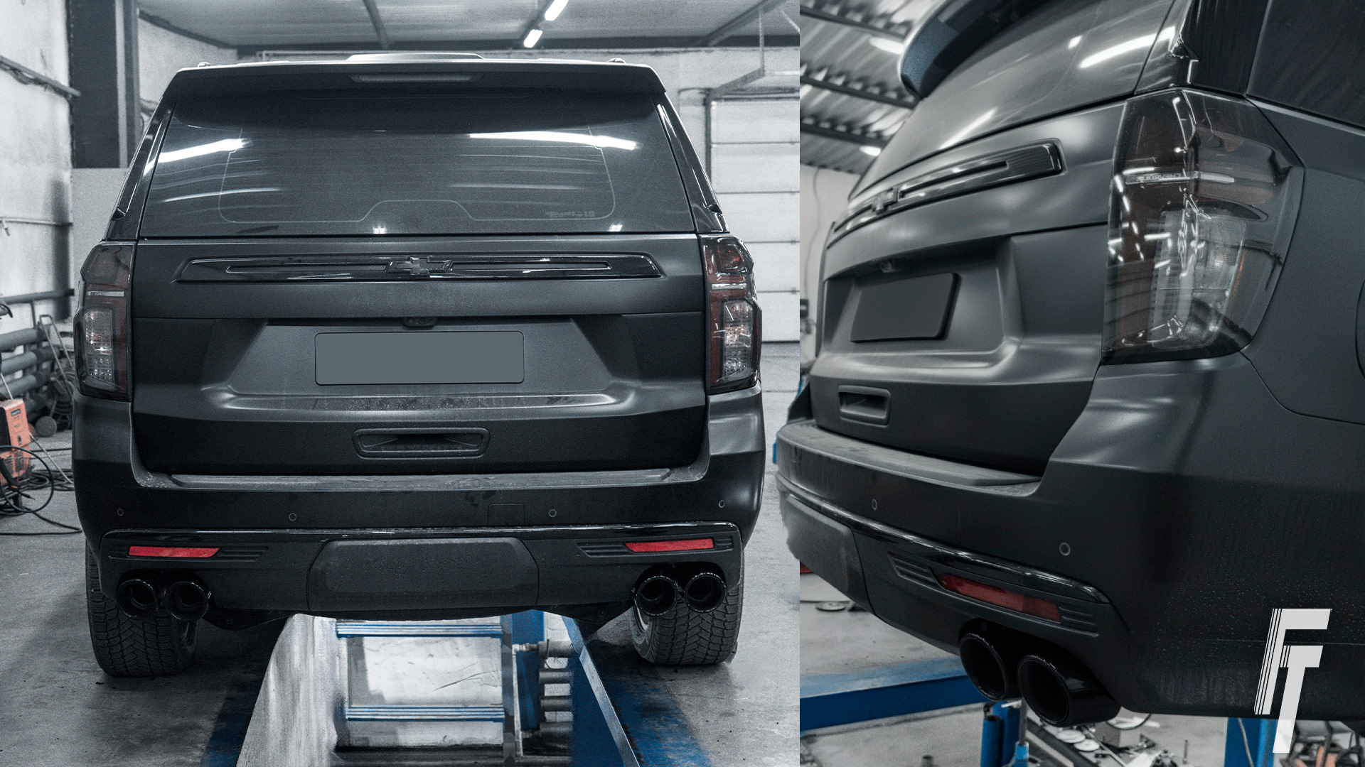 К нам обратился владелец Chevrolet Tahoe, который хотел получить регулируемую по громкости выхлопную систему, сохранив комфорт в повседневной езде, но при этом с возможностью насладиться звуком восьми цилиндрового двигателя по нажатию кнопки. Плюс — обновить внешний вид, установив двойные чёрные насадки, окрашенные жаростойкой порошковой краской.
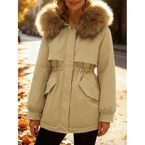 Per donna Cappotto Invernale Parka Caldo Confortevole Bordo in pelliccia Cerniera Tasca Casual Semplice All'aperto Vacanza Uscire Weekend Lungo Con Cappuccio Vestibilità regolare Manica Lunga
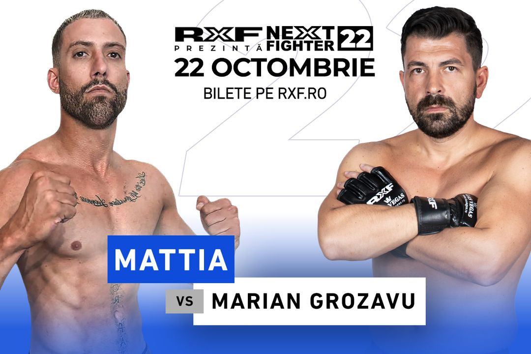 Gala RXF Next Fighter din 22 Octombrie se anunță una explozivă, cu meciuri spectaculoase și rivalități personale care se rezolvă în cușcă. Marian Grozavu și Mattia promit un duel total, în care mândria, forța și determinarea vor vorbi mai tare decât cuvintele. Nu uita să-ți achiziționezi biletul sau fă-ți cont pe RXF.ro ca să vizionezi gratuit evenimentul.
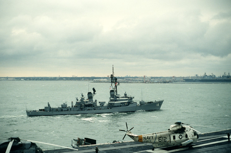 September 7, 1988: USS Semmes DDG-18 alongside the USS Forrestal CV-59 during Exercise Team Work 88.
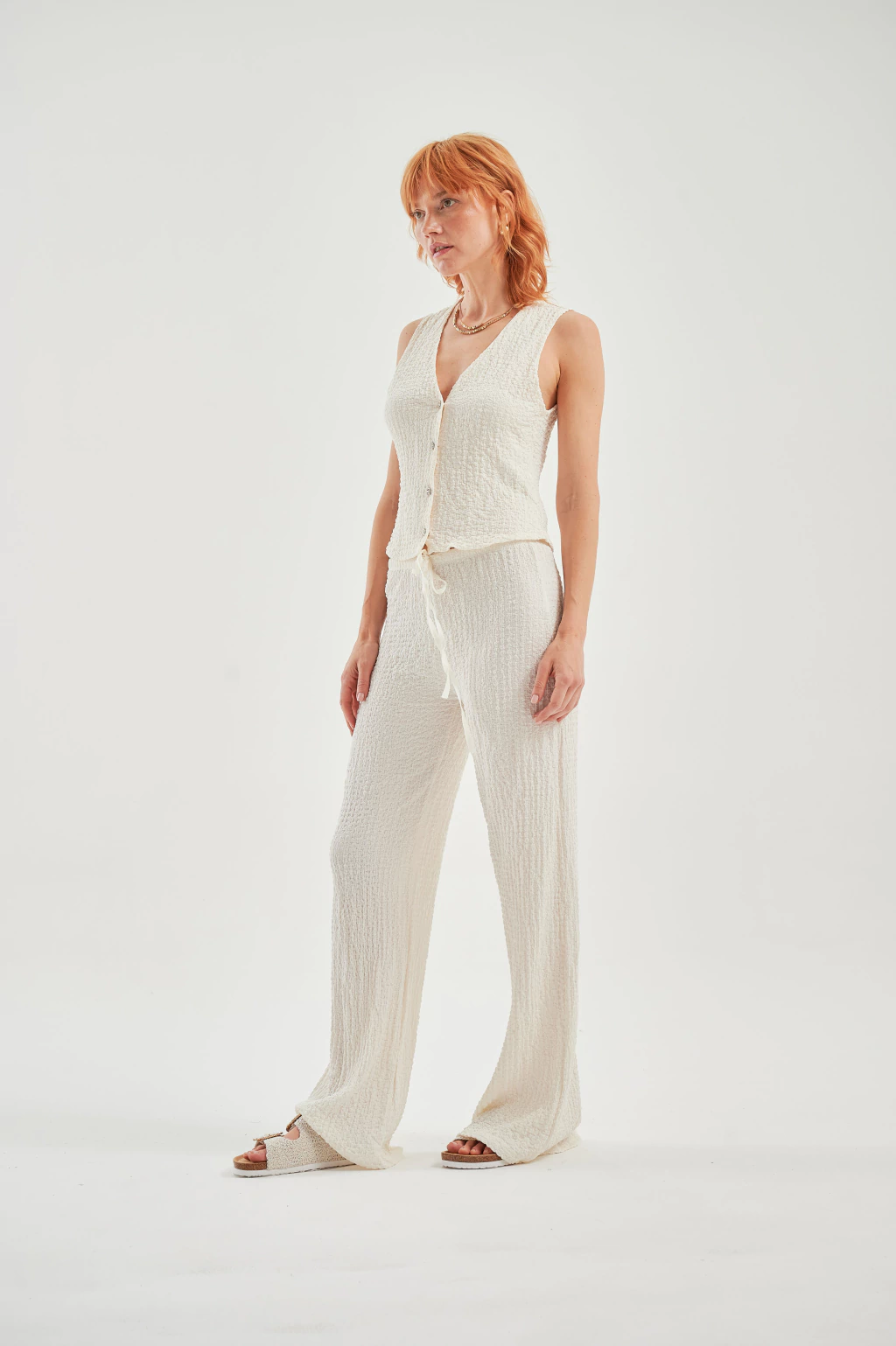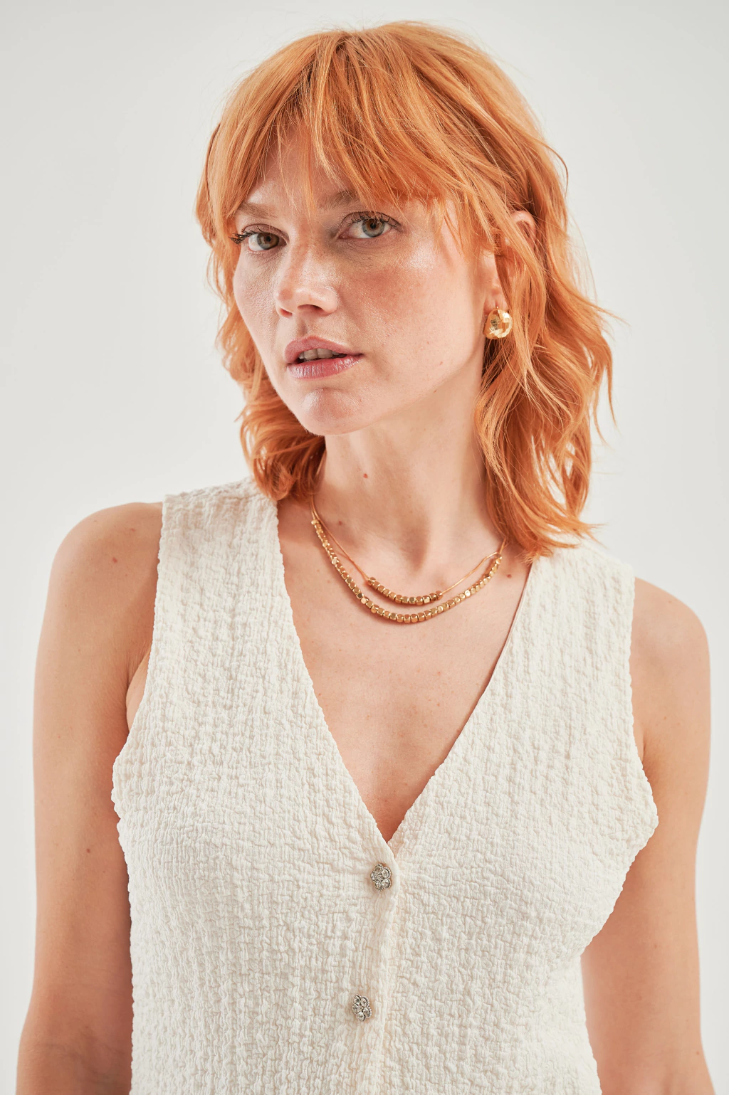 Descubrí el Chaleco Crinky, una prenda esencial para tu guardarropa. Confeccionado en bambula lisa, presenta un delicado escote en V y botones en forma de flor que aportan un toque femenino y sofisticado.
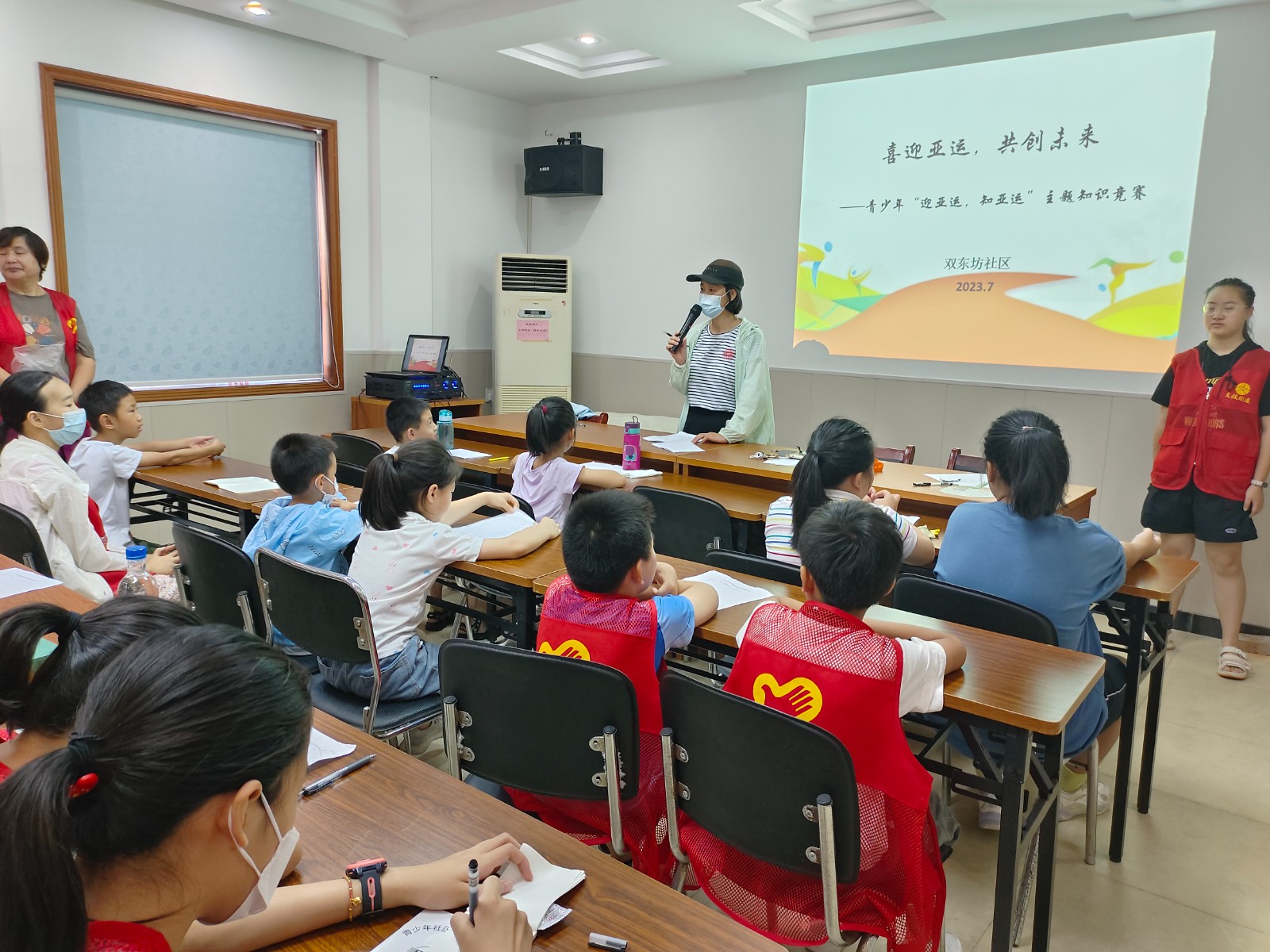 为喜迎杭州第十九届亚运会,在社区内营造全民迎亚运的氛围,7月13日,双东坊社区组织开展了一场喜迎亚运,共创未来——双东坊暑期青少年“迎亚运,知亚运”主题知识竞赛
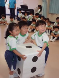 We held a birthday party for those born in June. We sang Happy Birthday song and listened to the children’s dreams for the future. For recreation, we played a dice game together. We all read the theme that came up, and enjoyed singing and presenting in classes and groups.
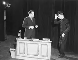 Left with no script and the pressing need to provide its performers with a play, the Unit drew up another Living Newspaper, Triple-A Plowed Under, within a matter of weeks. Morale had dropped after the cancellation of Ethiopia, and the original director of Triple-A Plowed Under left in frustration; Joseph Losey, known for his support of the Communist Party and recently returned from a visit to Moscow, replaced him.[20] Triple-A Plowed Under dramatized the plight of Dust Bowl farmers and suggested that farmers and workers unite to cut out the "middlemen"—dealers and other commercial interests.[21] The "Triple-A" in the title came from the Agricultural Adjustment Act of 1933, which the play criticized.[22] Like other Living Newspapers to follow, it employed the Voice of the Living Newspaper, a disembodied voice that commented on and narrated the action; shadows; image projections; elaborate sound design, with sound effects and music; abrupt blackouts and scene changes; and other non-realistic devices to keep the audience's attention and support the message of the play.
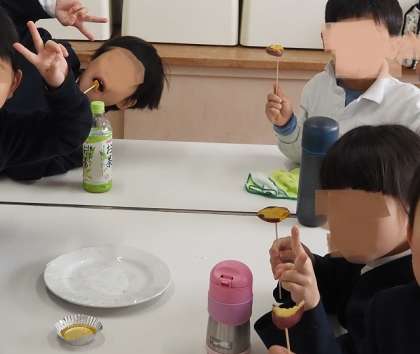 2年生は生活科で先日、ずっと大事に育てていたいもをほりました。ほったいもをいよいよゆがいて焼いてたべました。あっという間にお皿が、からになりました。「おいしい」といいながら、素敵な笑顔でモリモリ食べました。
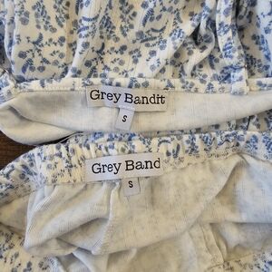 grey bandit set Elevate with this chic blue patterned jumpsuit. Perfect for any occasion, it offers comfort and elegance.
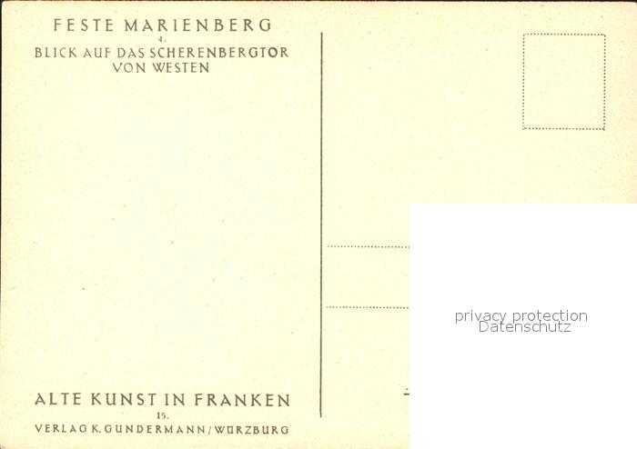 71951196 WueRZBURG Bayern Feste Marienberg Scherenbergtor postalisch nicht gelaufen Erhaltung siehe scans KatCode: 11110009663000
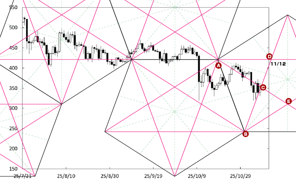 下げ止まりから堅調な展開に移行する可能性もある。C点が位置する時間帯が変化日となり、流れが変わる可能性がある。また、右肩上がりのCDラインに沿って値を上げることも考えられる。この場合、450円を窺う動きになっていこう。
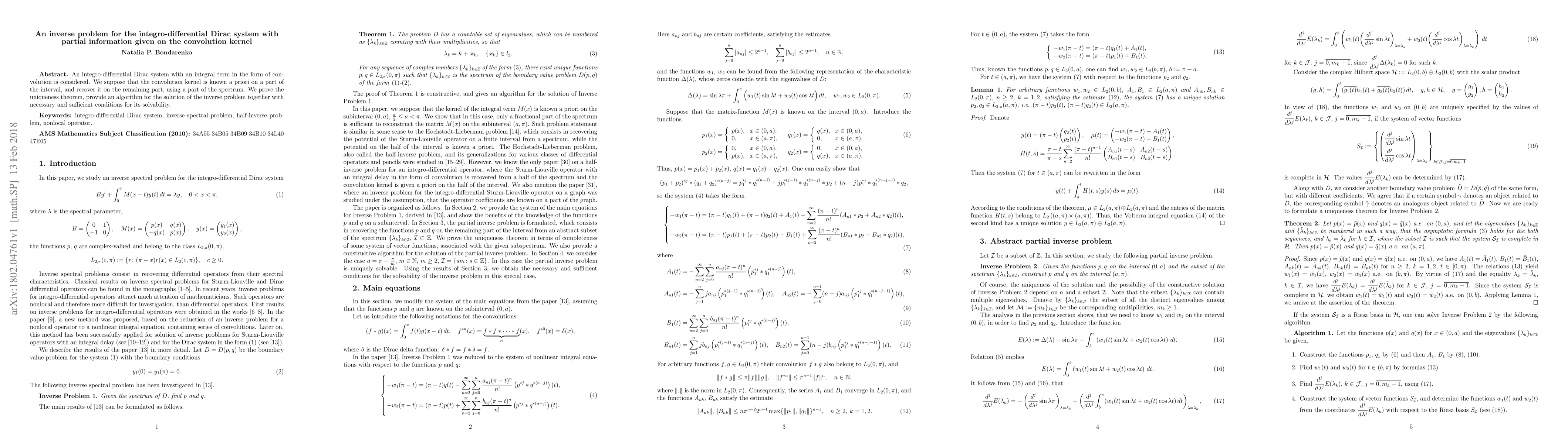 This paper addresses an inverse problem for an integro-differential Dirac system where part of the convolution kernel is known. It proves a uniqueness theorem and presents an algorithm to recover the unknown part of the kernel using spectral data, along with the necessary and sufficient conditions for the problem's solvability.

*Work to be completed*. Beginning with the line above that contains "Per donna Cappotto" and ending with the line that contains "Left with no", quote each line exactly, keeping out the pictures.

*Written response*.
 Per donna Cappotto Invernale Parka Caldo Confortevole Bordo in pelliccia Cerniera Tasca Casual Semplice All'aperto Vacanza Uscire Weekend Lungo Con Cappuccio Vestibilità regolare Manica Lunga
 Gala RXF Next Fighter din 22 Octombrie se anunță una explozivă, cu meciuri spectaculoase și rivalități personale care se rezolvă în cușcă. Marian Grozavu și Mattia promit un duel total, în care mândria, forța și determinarea vor vorbi mai tare decât cuvintele. Nu uita să-ți achiziționezi biletul sau fă-ți cont pe RXF.ro ca să vizionezi gratuit evenimentul.
 September 7, 1988: USS Semmes DDG-18 alongside the USS Forrestal CV-59 during Exercise Team Work 88.
 Descubrí el Chaleco Crinky, una prenda esencial para tu guardarropa. Confeccionado en bambula lisa, presenta un delicado escote en V y botones en forma de flor que aportan un toque femenino y sofisticado.
 为喜迎杭州第十九届亚运会,在社区内营造全民迎亚运的氛围,7月13日,双东坊社区组织开展了一场喜迎亚运,共创未来——双东坊暑期青少年“迎亚运,知亚运”主题知识竞赛
 We held a birthday party for those born in June. We sang Happy Birthday song and listened to the children’s dreams for the future. For recreation, we played a dice game together. We all read the theme that came up, and enjoyed singing and presenting in classes and groups.
 Left with no script and the pressing need to provide its performers with a play, the Unit drew up another Living Newspaper, Triple-A Plowed Under, within a matter of weeks. Morale had dropped after the cancellation of Ethiopia, and the original director of Triple-A Plowed Under left in frustration; Joseph Losey, known for his support of the Communist Party and recently returned from a visit to Moscow, replaced him.[20] Triple-A Plowed Under dramatized the plight of Dust Bowl farmers and suggested that farmers and workers unite to cut out the "middlemen"—dealers and other commercial interests.[21] The "Triple-A" in the title came from the Agricultural Adjustment Act of 1933, which the play criticized.[22] Like other Living Newspapers to follow, it employed the Voice of the Living Newspaper, a disembodied voice that commented on and narrated the action; shadows; image projections; elaborate sound design, with sound effects and music; abrupt blackouts and scene changes; and other non-realistic devices to keep the audience's attention and support the message of the play.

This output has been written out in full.